In order to maintain the global optimization achieved by iterative deletion, parallel processing is restricted to the growing list of regions to be partitioned in each pass. In the first pass the main region is partitioned by a master process into two. In the second pass the resulting two regions are partitioned into four in parallel by the master and a slave and so on until the processor limit is reached. As the list grows, regions above a certain threshold are distributed evenly by the master among all processes. An example is shown in Figure 5. Initially, we implemented the data distribution using a message per work unit (i.e. region). Thus, the master walks the list and sends a message for each region to the slaves in a *round-robin* fashion. We optimized this implementation by generating a message per each batch of work units using MPI's *vector scatter-gather*. Obviously, the latter outperforms the first because it increases the computation granularity by requiring the master to communicate fewer messages with larger size. Load balance is maintained by the aforementioned even distribution of regions and by the fact that the partitioning engine produces balanced region cuts as well.

Because VLSI CAD applications require large memory space, it is necessary to utilize memory efficiently. Therefore, unicast master-to-slave and broadcast communication messages are used to instruct slaves to allocate only the space required for storing and processing their workload in round robin and vector scatter-gather implementations respectively. Such messages incur slight overhead that is negligible for non-trivial placement problems.
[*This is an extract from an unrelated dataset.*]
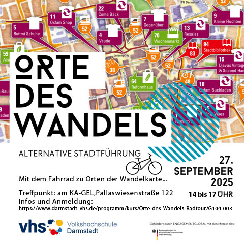 Darmstadt ist voll von Orten und Menschen, die mit kreativen Ideen und Leidenschaft zeigen, dass eine andere Art des Lebens und Wirtschaftens möglich ist: fair, ressourcenschonend und klimatauglich. Auf dieser Stadtführung zu „Orten des Wandelns“ erkunden wir per Rad auf den Spuren der Wandelkarte einige dieser Orte. Wir sprechen mit Menschen, die sich für Ihre Mitmenschen und unseren Planeten engagieren und lernen spannende Projekte kennen. Die Tour endet im Bayerischen Biergarten, wo wir den Tag bei einem kühlen Getränk und sicherlich auch dem ein oder anderem interessanten Gespräch ausklingen lassen. Bitte unbedingt ein Fahrrad mitbringen!
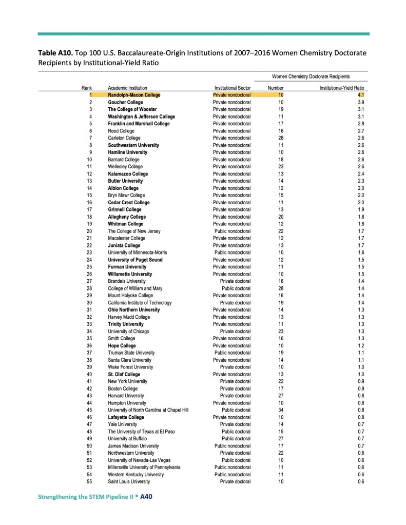 - The Randolph-Macon Chemistry Department ranks #1 for Women Chemistry Doctorate Recipients (2007-2016)

An approximate analysis of the parallel partitioning follows. Consider a region of area R to be partitioned into N regions just below the threshold. Assuming a linear run time complexity of the partitioning engine and a homogeneous distribution of circuit elements, if it takes time  $T_p$  to partition R, then partitioning a region of area  $\frac{R}{n}$  requires  $\frac{T_p}{n}$ . The progression of region partitioning is modeled by the tree in Figure 5. A sequential implementation performs n steps, with step time  $\frac{T_p}{n}$ , at each pass to partition n regions into 2n regions with a total time of  $T_p$ . The number of passes is  $log_2N$ , and so the total amount of partitioning time is  $T_p \cdot log_2 N$ . On the other hand, using P processors, the first  $log_2P + 1$  passes have  $n \le P$ and each takes  $\frac{T_p}{n}$  to complete (i.e. a maximum of one region per processor) while the rest have n > p and each takes ceil(n/p) x  $T_p/n$  to complete (i.e. ceil(n/p) regions per processor). The time for the first group of passes is:

$$\sum_{i=0}^{\log_2 P} \frac{T_p}{2^i} \tag{1}$$

and the total time for the rest is:

$$\sum_{i=log_2P+1}^{log_2N-1} \frac{T_p}{P} = \frac{T_p}{P} \cdot (log_2N - log_2P - 1)$$
(2)

For machines with small P, over a wide range of problem size, N is much larger than P (i.e. the number of passes with  $n \le p$  is much less than those with n > P), and if  $log_2N >> log_2P + 1$ , then the total time is given by the second formula and is approximated by  $\frac{T_p}{p} \cdot log_2N$ . The best case speedup (sequential/parallel time) is hence linear in the number of processors.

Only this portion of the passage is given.